“What the hell’s up?” queried Bill, grimly.

Guy Isbel remained silent and it was he who turned slightly pale. Jean leaped off his horse.

“Bernardino has just been killed—murdered with his own gun.”

Gaston Isbel seemed to exhale a long-dammed, bursting breath that let his chest sag. A terrible deadly glint, pale and cold as sunlight on ice, grew slowly to dominate his clear eyes.

“A-huh!” ejaculated Bill Isbel, hoarsely.

Not one of the three men asked who had done the killing. They were silent a moment, motionless, locked in the secret seclusion of their own minds. Then they listened with absorption to Jean’s brief story.

“Wal, that lets us in,” said his father. “I wish we had more time. Reckon I’d done better to listen to you boys an’ have my men close at hand. Jacobs happened to ride over.

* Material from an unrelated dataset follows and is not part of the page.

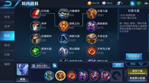 白起核心装备推荐:不死鸟之眼、霸者重装。

That makes five of us besides the women.”

“Aw, dad, you don’t reckon they’ll round us up heah?” asked Guy Isbel.

“Boys, I always feared they might,” replied the old man. “But I never really believed they’d have the nerve. Shore I ought to have figgered Daggs better. This heah secret bizness an’ shootin’ at us from ambush looked aboot Jorth’s size to me. But I reckon now we’ll have to fight without our friends.”

“Let them come,” said Jean. “I sent for Blaisdell, Blue, Gordon, and Fredericks. Maybe they’ll get here in time. But if they don’t it needn’t worry us much. We can hold out here longer than Jorth’s gang can hang around. We’ll want plenty of water, wood, and meat in the house.”